= Beginning of Section =
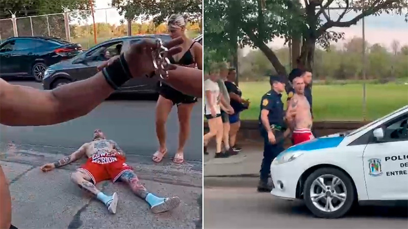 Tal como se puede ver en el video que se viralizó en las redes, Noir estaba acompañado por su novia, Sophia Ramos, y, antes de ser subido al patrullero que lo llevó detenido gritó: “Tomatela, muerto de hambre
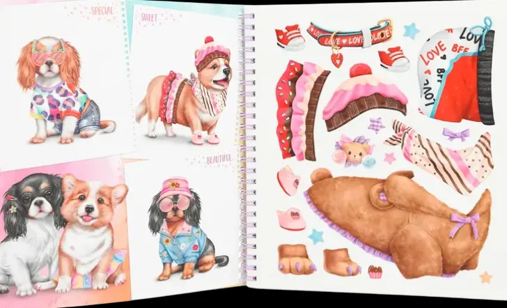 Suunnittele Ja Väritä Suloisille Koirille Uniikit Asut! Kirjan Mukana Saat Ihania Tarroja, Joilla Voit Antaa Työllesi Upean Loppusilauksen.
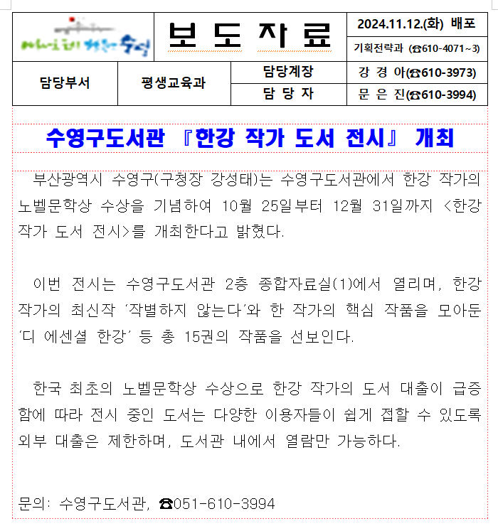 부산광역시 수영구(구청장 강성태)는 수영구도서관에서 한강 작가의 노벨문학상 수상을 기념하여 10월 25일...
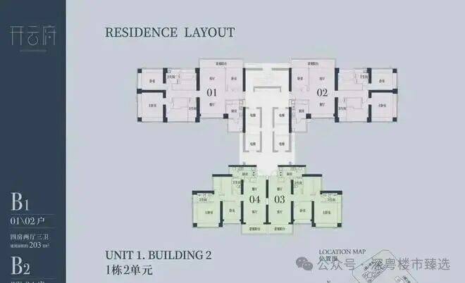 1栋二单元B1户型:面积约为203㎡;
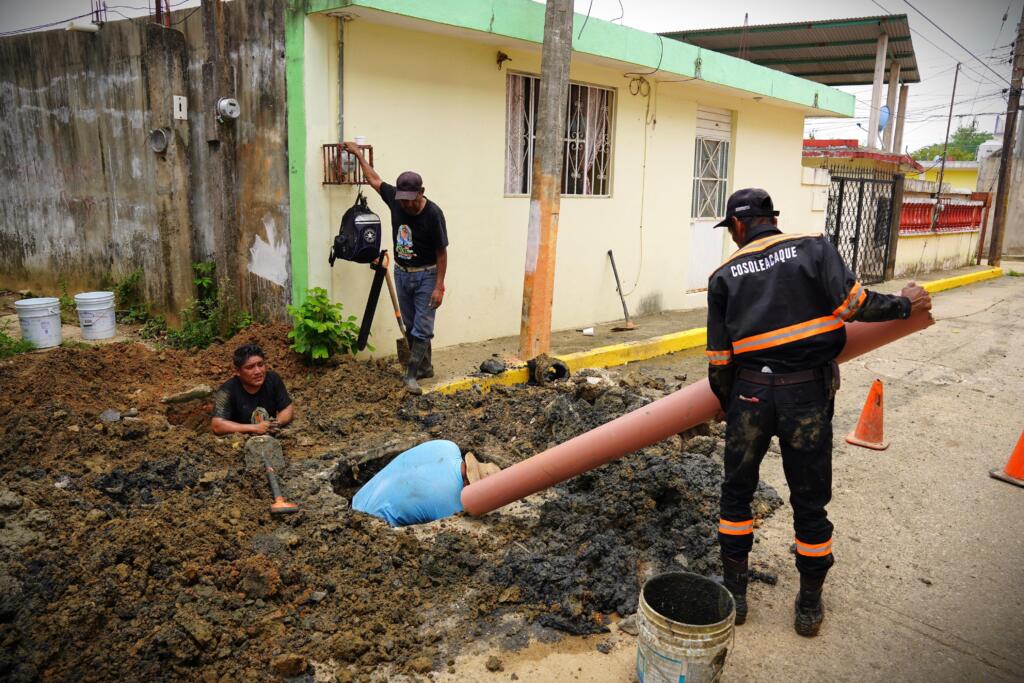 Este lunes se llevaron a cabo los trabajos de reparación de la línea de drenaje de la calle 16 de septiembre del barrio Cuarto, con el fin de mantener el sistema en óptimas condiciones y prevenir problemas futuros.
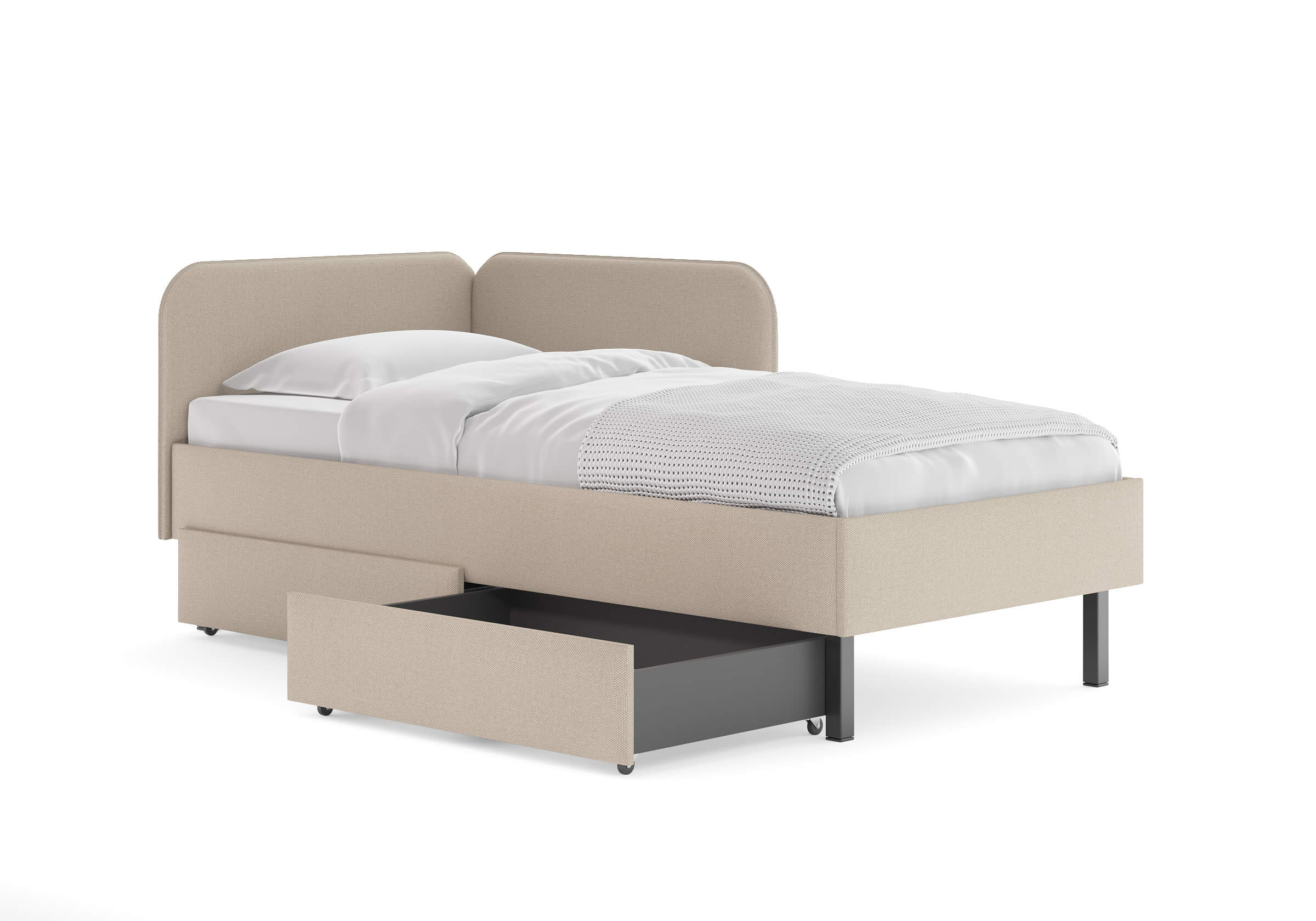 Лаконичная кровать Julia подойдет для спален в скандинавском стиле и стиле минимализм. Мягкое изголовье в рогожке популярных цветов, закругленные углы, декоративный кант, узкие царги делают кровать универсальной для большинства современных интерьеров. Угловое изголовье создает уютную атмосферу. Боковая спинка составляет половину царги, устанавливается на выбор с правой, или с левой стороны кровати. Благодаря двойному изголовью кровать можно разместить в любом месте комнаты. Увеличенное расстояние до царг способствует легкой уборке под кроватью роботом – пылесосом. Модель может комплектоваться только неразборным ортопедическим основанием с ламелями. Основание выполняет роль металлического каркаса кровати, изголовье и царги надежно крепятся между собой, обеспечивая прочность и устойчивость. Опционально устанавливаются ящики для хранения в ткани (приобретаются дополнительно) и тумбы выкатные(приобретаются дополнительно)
= End of Section =
REQUIRED ACTION: Pictures stay out. Print the lines of the records above exactly, from the first through the one with "1栋二单元B1户型:面积约为203㎡;".

SOLUTION TO THE PROBLEM:
 Tal como se puede ver en el video que se viralizó en las redes, Noir estaba acompañado por su novia, Sophia Ramos, y, antes de ser subido al patrullero que lo llevó detenido gritó: “Tomatela, muerto de hambre
 Suunnittele Ja Väritä Suloisille Koirille Uniikit Asut! Kirjan Mukana Saat Ihania Tarroja, Joilla Voit Antaa Työllesi Upean Loppusilauksen.
 부산광역시 수영구(구청장 강성태)는 수영구도서관에서 한강 작가의 노벨문학상 수상을 기념하여 10월 25일...
 1栋二单元B1户型:面积约为203㎡;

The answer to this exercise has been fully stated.